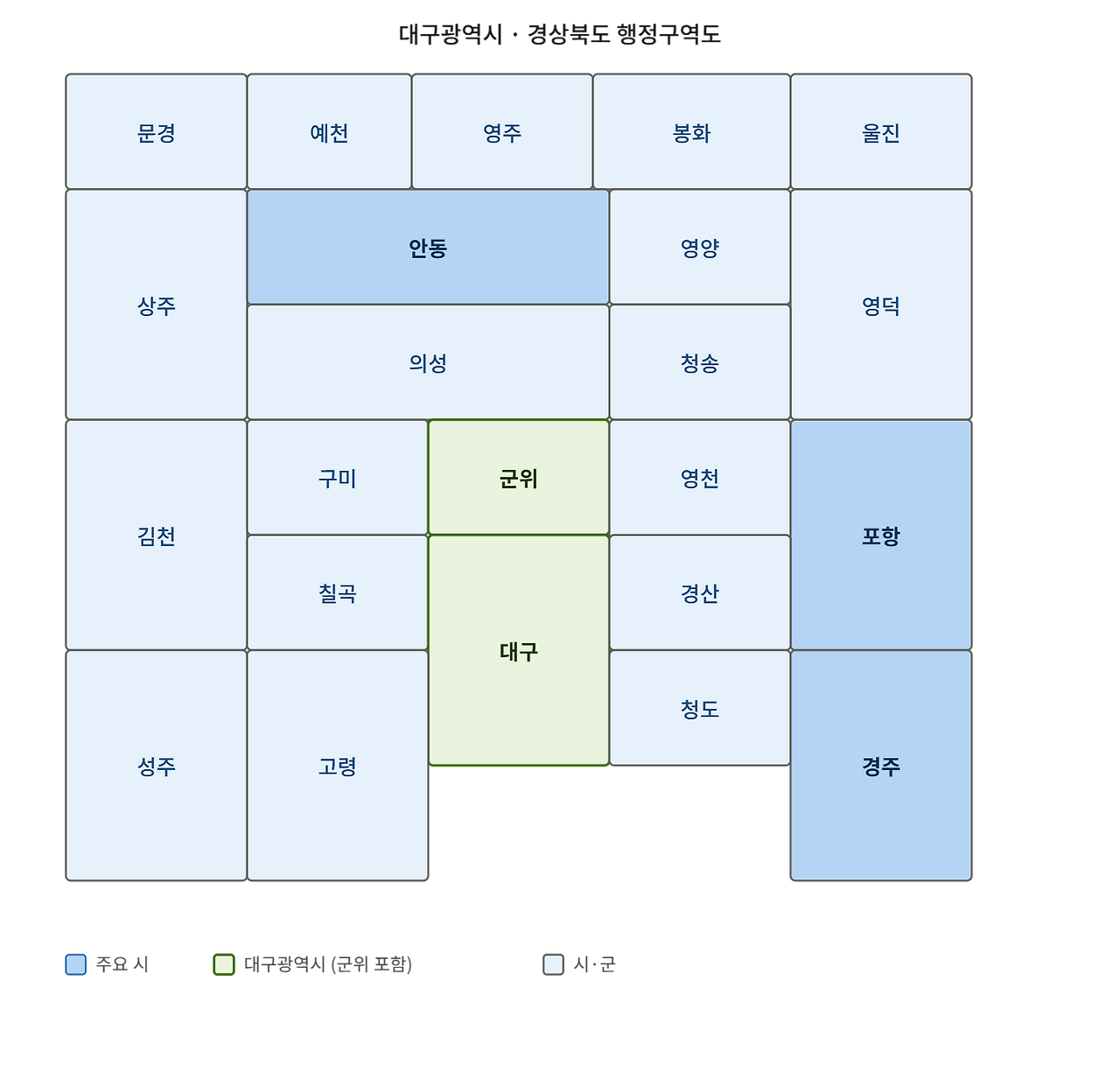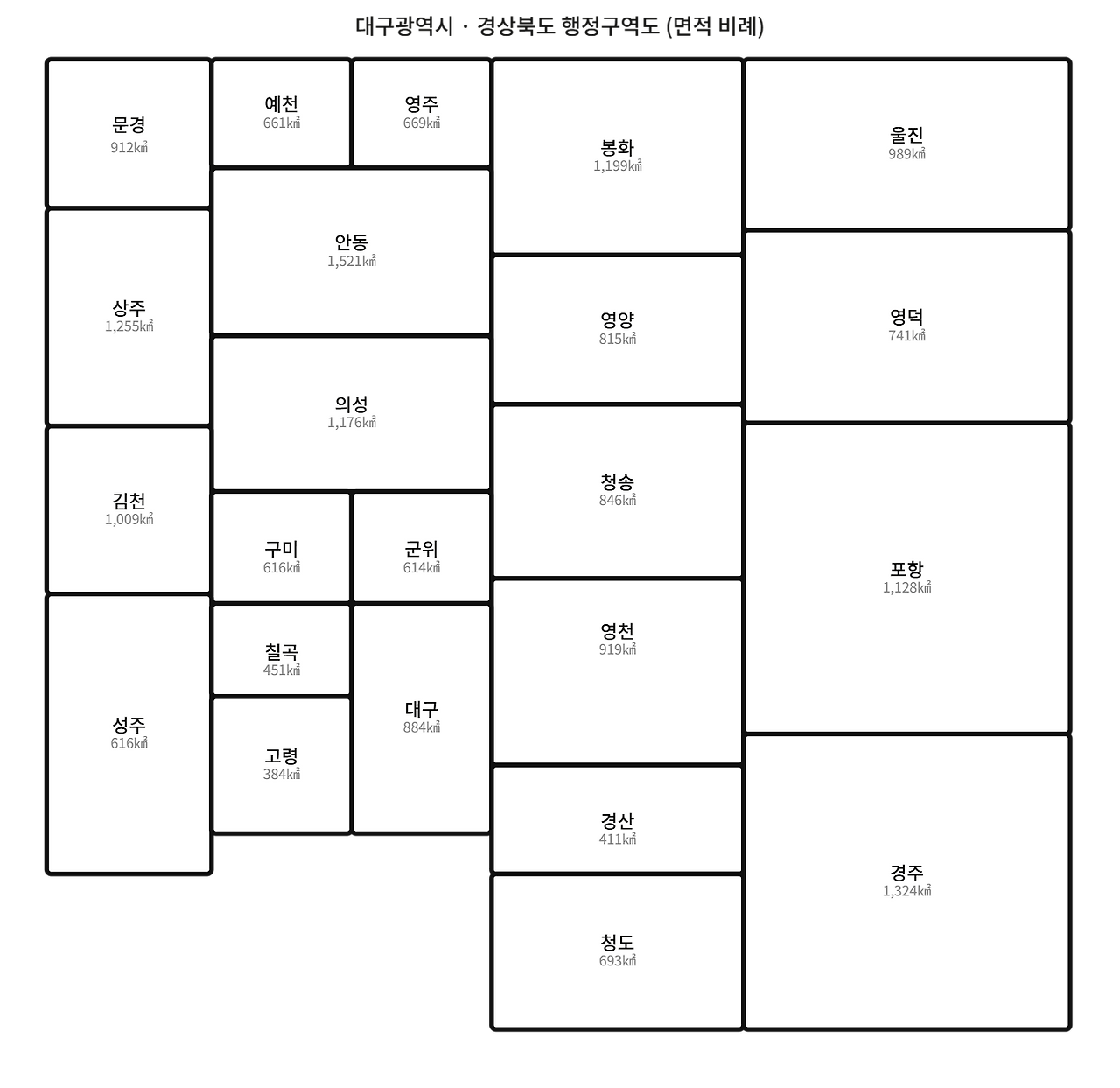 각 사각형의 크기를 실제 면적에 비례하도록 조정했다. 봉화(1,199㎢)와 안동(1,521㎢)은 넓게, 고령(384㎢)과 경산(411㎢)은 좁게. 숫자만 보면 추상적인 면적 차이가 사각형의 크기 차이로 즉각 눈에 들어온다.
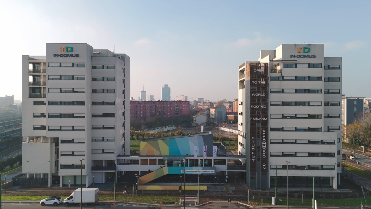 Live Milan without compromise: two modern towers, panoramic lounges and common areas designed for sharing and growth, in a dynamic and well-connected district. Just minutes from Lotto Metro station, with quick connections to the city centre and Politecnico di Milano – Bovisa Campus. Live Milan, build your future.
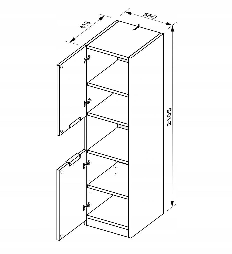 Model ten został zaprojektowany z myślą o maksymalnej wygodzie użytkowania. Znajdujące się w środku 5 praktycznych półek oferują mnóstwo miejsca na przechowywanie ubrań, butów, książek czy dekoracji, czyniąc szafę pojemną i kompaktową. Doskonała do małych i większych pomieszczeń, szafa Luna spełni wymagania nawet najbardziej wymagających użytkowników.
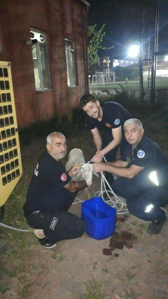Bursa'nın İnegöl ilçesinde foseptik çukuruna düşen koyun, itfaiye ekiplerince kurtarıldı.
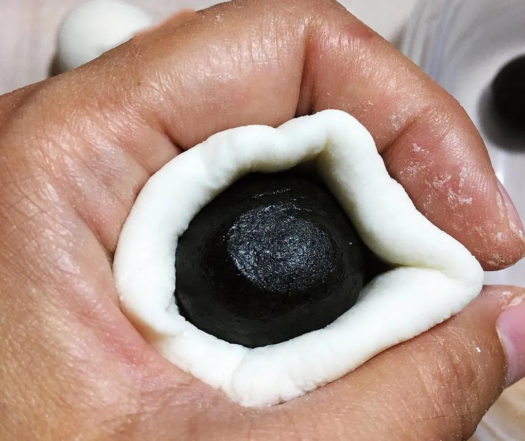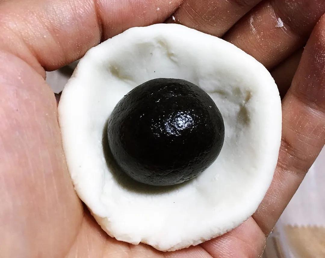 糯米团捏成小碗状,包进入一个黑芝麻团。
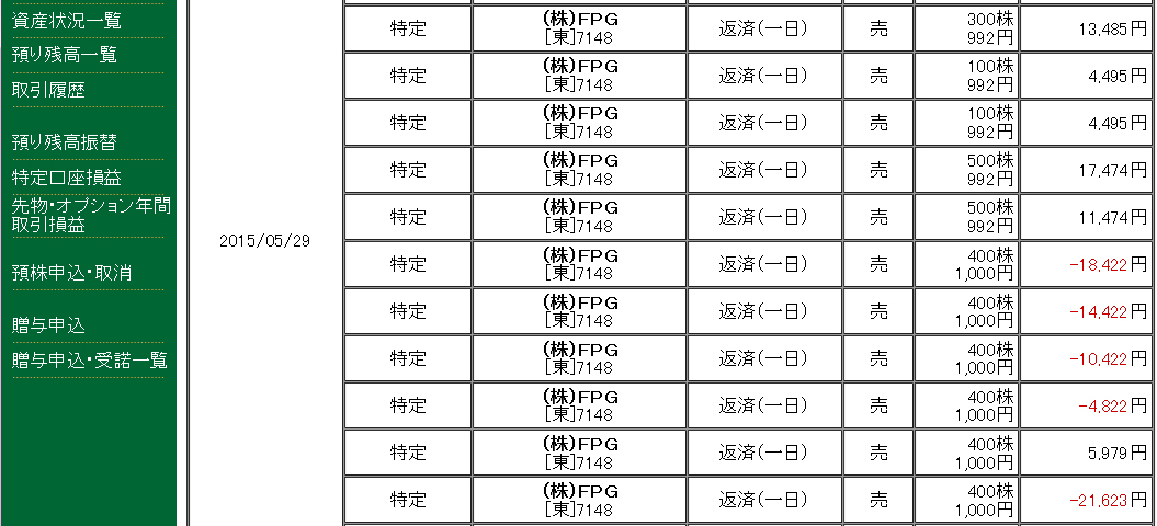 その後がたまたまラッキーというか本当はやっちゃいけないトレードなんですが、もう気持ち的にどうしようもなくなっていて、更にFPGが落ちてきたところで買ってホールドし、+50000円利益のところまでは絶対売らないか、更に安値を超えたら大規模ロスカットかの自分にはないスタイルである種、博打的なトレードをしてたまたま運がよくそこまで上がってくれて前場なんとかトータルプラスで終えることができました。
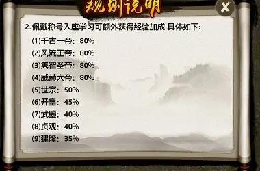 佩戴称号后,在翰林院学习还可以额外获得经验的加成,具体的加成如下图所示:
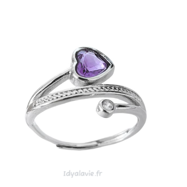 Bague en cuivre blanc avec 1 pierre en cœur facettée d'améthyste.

----------

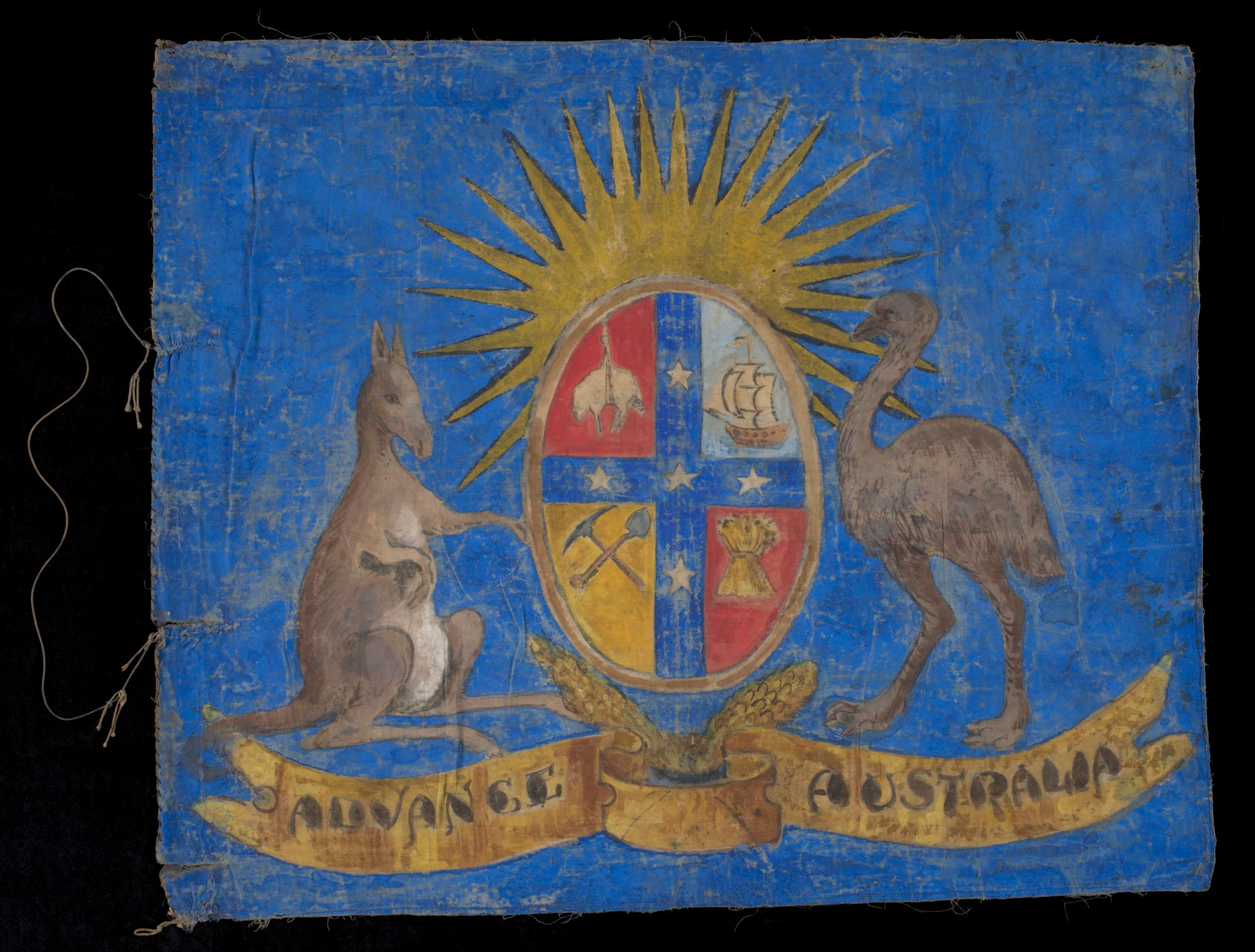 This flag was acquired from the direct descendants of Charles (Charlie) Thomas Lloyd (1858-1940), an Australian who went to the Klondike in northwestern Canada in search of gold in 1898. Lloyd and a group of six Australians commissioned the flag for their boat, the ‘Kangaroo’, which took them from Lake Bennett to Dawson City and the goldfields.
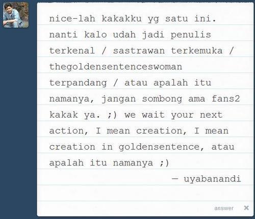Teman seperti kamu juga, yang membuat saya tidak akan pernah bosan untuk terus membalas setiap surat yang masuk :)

----------

• EXERCISE DETAILS: Above are the records; copy exactly the lines from the one with "Bursa'nın İnegöl ilçesinde" through the one with "Bague en cuivre", including both, and nothing more. Leave out pictures.

• ANSWER SPACE:
Bursa'nın İnegöl ilçesinde foseptik çukuruna düşen koyun, itfaiye ekiplerince kurtarıldı.
 糯米团捏成小碗状,包进入一个黑芝麻团。
 その後がたまたまラッキーというか本当はやっちゃいけないトレードなんですが、もう気持ち的にどうしようもなくなっていて、更にFPGが落ちてきたところで買ってホールドし、+50000円利益のところまでは絶対売らないか、更に安値を超えたら大規模ロスカットかの自分にはないスタイルである種、博打的なトレードをしてたまたま運がよくそこまで上がってくれて前場なんとかトータルプラスで終えることができました。
 佩戴称号后,在翰林院学习还可以额外获得经验的加成,具体的加成如下图所示:
 Bague en cuivre blanc avec 1 pierre en cœur facettée d'améthyste.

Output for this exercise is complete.